The U.S. Marine general commanding an operation to remove the last U.N. troops from Somalia said Saturday that preparations for a protective force to come ashore were almost complete.
"There are very few things to work out, and what's left is very minor. . . . It's a very complex operation," Lt. Gen. Anthony Zinni told reporters at a U.N. military base just outside Mogadishu, the Somali capital.
"I don't see that there's any major threat looming out there," he added after a meeting of commanders from the multinational task force that has gathered on warships off Mogadishu's Indian Ocean coast.
There are fears that Somali militias, whose feuds have wrecked the Horn of Africa country and forced the U.N. withdrawal, would attack departing troops in an attempt to plunder military hardware and vehicles.
But Zinni was confident that up to 2,000 U.S. Marines and 500 Italian soldiers coming ashore to extract about 2,400 Pakistani and Bangladeshi troops would not be in danger of a direct assault.
A U.S. military spokesman, Marine Lt. Col. Jerry Broeckert, refused to reveal when Operation United Shield would get under way.

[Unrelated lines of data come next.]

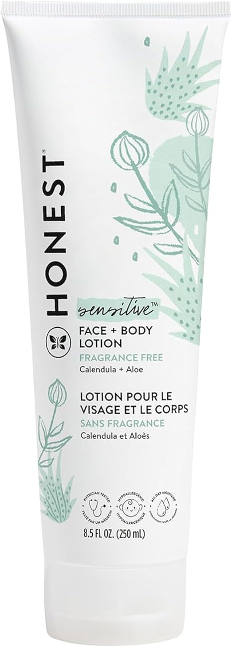The Honest Company Hydrating Face + Body Lotion | Fast Absorbing, Naturally Derived, Hypoallergenic | Fragrance Free Sensitive, 8.5 fl oz
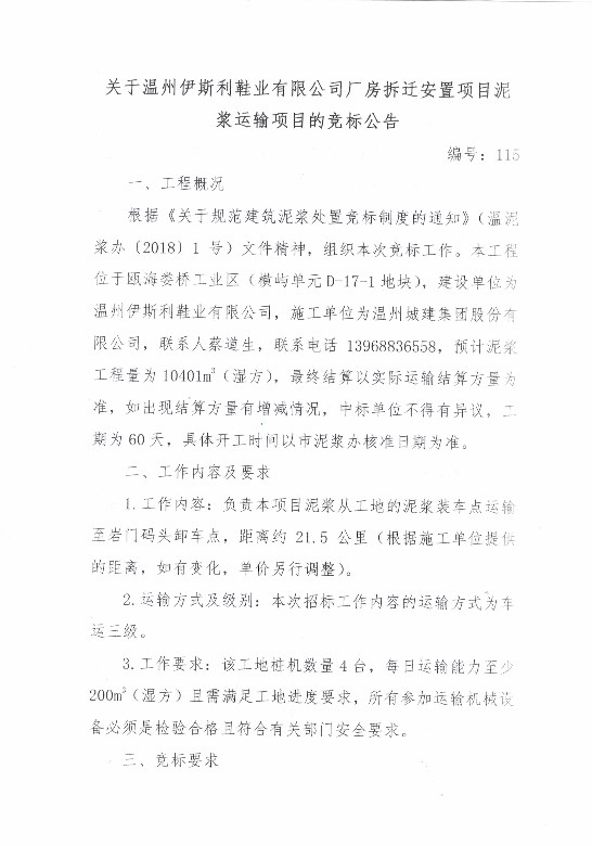 ¹ØÓÚÎÂÖÝÒÁ˹ÀûЬҵÓÐÏÞ¹«Ë¾³§·¿²ðǨ°²¶ÙÏîÄ¿ÄཬÔËÊäÏîÄ¿µÄ¾º±êͨ¸æ
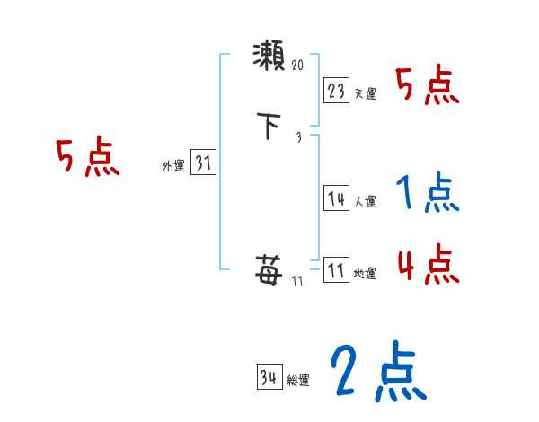総運![]() | 瀬下苺さんの総運は34画の2つ星!独創性に優れるが、自尊心が強く災難に注意しましょう。 あなたの人生を表す1番重要な運勢です。生涯を通じて影響する総合運となり、主に50歳以降の晩年期に影響を及ぼします。 |
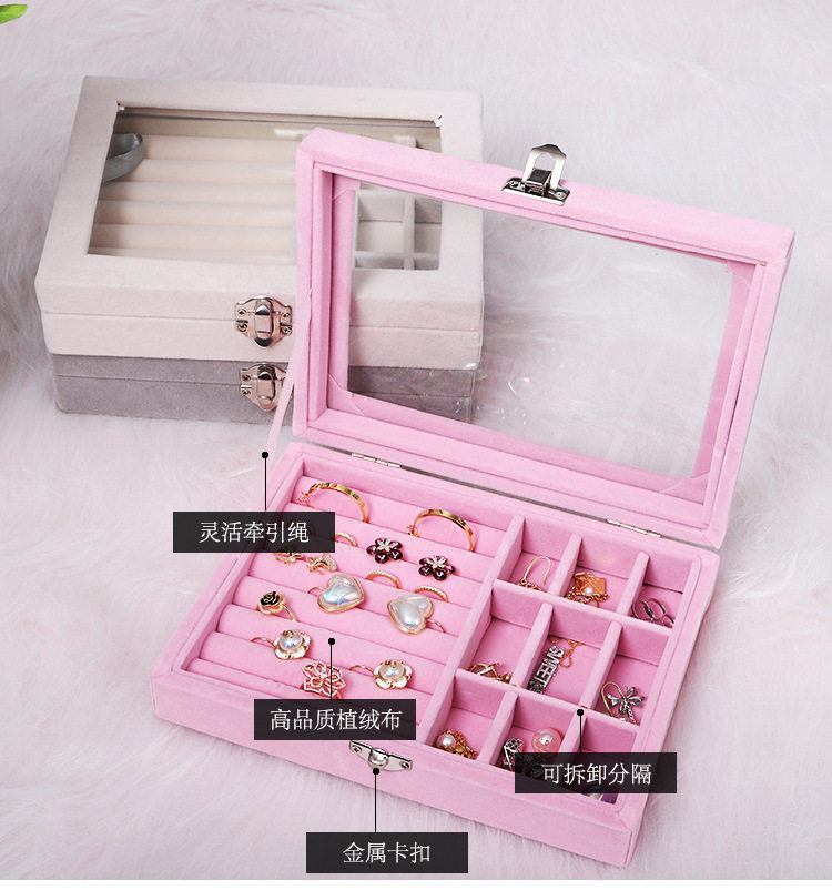 Flannel box jewelry necklace ring storage box earrings eardrop storage box Korean single-layer flannel jewelry box wholesale
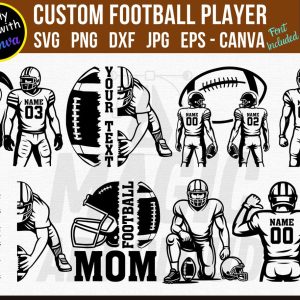 Custom Football Player SVG Bundle | Football PNG DXF EPS JPG | Editable Canva Template | Sports Shirt Design Cut Files
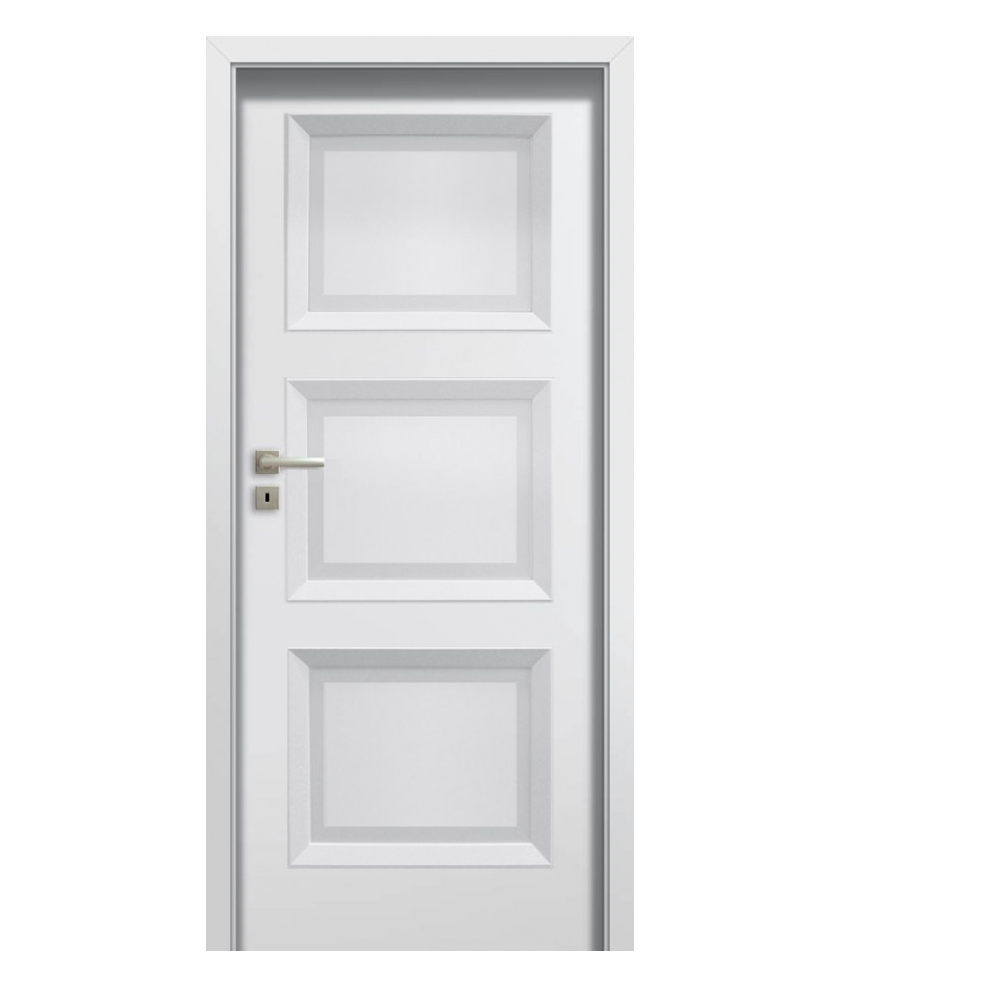 Drzwi zbudowane są z ramiaka drewnianego, obłożonego dwiema gładkimi płytami HDF, pokrytymi powierzchnią malowaną ekologicznymi farbami akrylowymi z palet RAL i NCS.
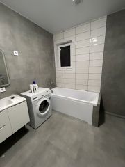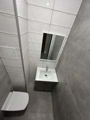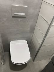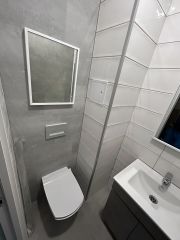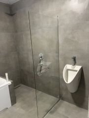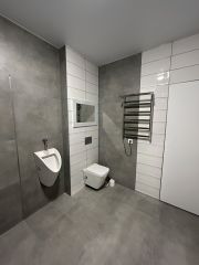 В доме 2 с/у, один гостевой, 2-ой хозяйский. С/у облицованы плиткой, и установлена сантехника. (Ванна, душевая кабина с поддоном в уровень пола, встроенным смесителем и тропическим душем, инсталляции с настенными унитазами и функцией биде, писсуар, большая удобная раковина, смеситель с сенсорным управлением, стиральная машина.
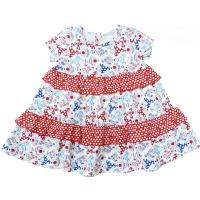Платье расклешенное, на круглой кокетке, двухярусной юбкочке со сборкой, из х/б трикотажа с рисунками "рыбки" и рюшечками в горошек. Горловина отделана трикотажным кантом. Застежка пуговицы на кокетке спинки.Размер 80 длина 38 см, обхват груди 50 см.
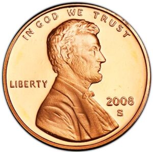 Is a one cent coin 1/100 of a dollar that has been struck by the United States Mint
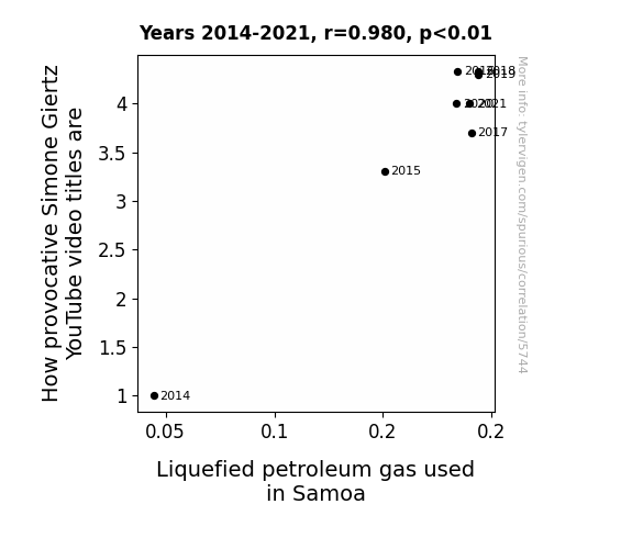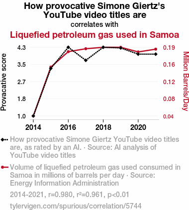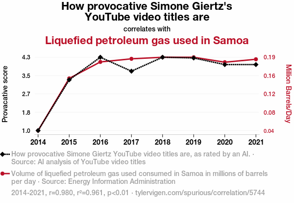 This means 96.1% of the change in the one variable (i.e., Liquefied petroleum gas used in Samoa) is predictable based on the change in the other (i.e., How provocative Simone Giertz's YouTube video titles are) over the 8 years from 2014 through 2021.
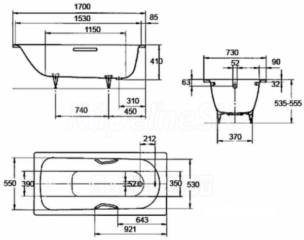 Kaldewei SANIFORM PLUS STAR 334 1700x730x400 Obdĺžnikové vane Kaldewei BW SANIFORM PLUS STAR 334, 1700x730x400 AS, alpská biela, P
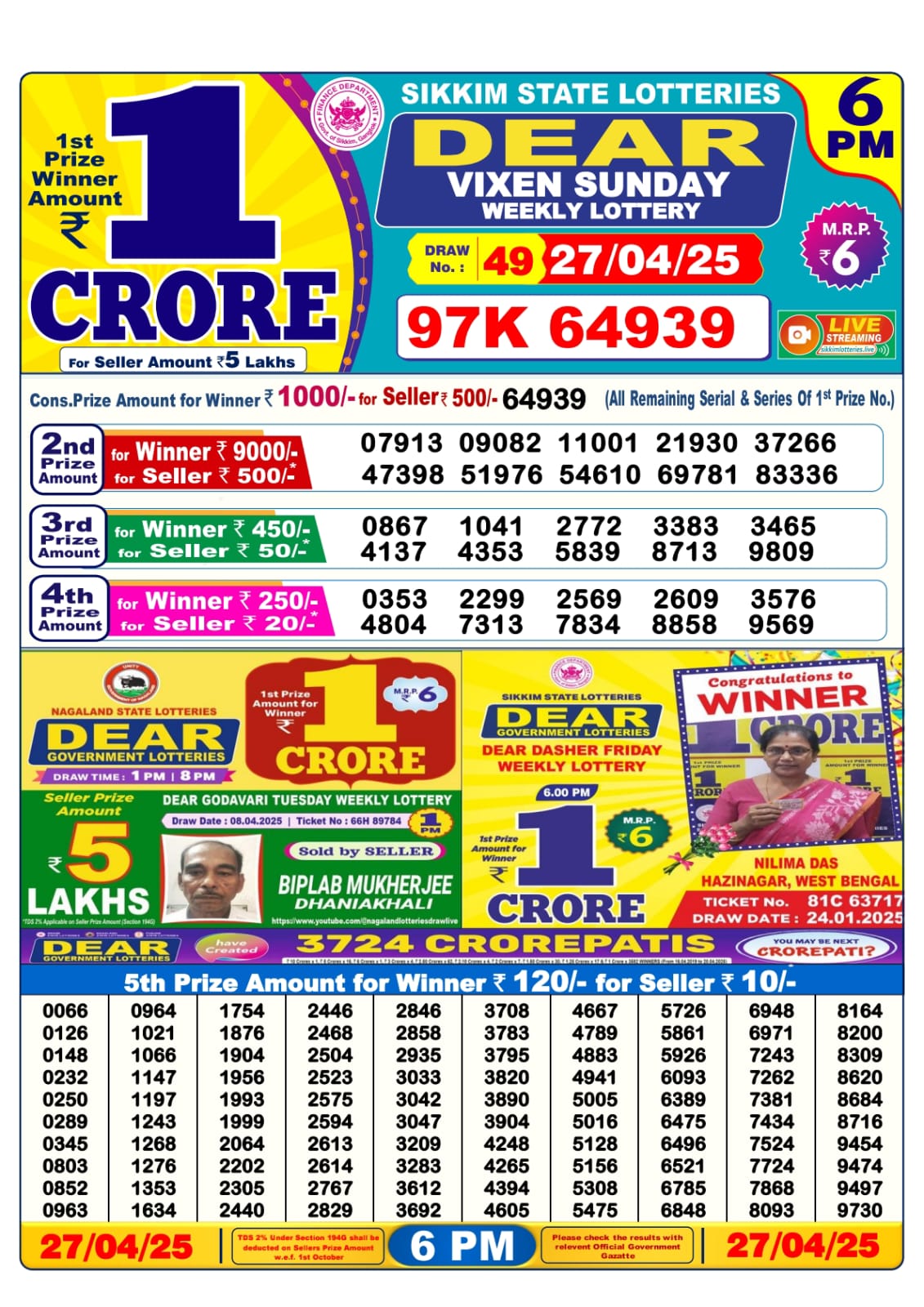 0 Comment on Lottery sambad today 6PM 27-04-2025
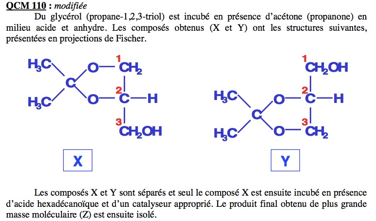 Benoitroustan Posted November 23, 2013 Posted November 23, 2013 Bonjour! Voilà l'énoncé du QCM en pièce jointe. A : Les composés X et Y sont des éthers-oxydes possédant en outre une fonction alcool E : L'hydrolyse du composé Z, dans des conditions acides douces, génère un ester possédant en outre deux fonctions alcools. L'item A est marqué faux. Du coup c'est un alcool possédant des "fonctions ethers-oxydes" (si ça existe...)? L'item E est marqué vrai mais je n'arrive pas à comprendre comment on trouve ce résultat. Merci de votre réponse. bonne journée.
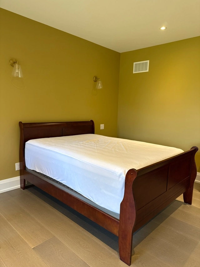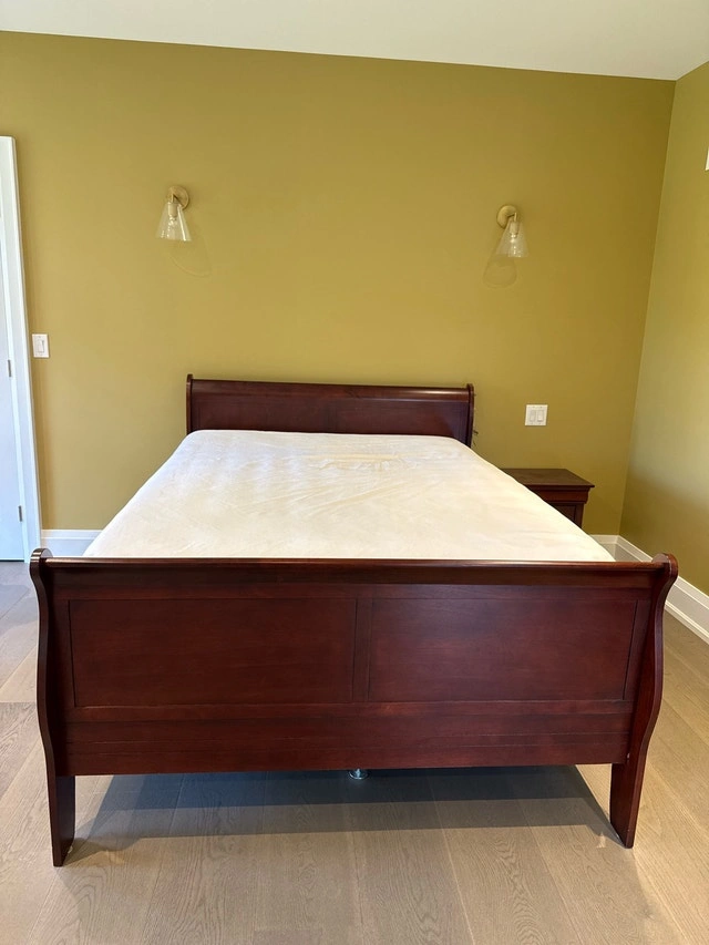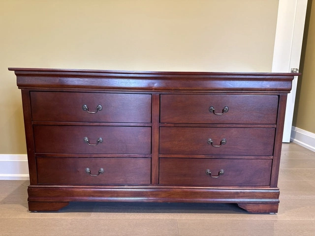This is a used but well-maintained queen-sized bedroom set, perfect for adding a touch of elegance to your bedroom. The set includes a queen bed frame, two-drawer nightstand, and a six-drawer dresser. All pieces are made of sturdy wood with a rich finish. The set is in good condition, ready to enhance your sleeping space. Mattress and box are not included.

The U.N. operation in Somalia is set to hand over command of its beachhead bases in Mogadishu's port and airfield to Zinni on Tuesday, indicating that U.S. and Italian troops are likely to go ashore hours prior to that.
The radio station of Mohammed Farah Aidid, whose militias battled U.S. troops in 1993, quoted him as saying his forces would not attack the Americans. But it also quoted him as urging vigilance against any incursions outside the declared aims of the mission.
The U.N. force was part of an operation that at one point involved 30,000 troops from 28 nations in an effort to restore order in Somalia and safeguard convoys bringing aid to victims of a famine that killed hundreds of thousands.
Zinni said he felt encouraged by the level of security around the perimeters of the U.N. bases.
But in chaotic scenes, U.N. troops and Somali police tried vainly to hold back mobs of Somali youths who scaled the walls and crawled through holes cut in the wire during the day.
Like crowds waiting for a department store sale, Somalis said they intended to sleep at the airport so that they would get the first pickings of whatever the United Nations leaves behind.
The operation, which is costing the United States alone $15 million, is not only to evacuate troops but also to recover helicopters, tanks and armored vehicles leased to the United Nations last March after Western contingents abandoned the mission.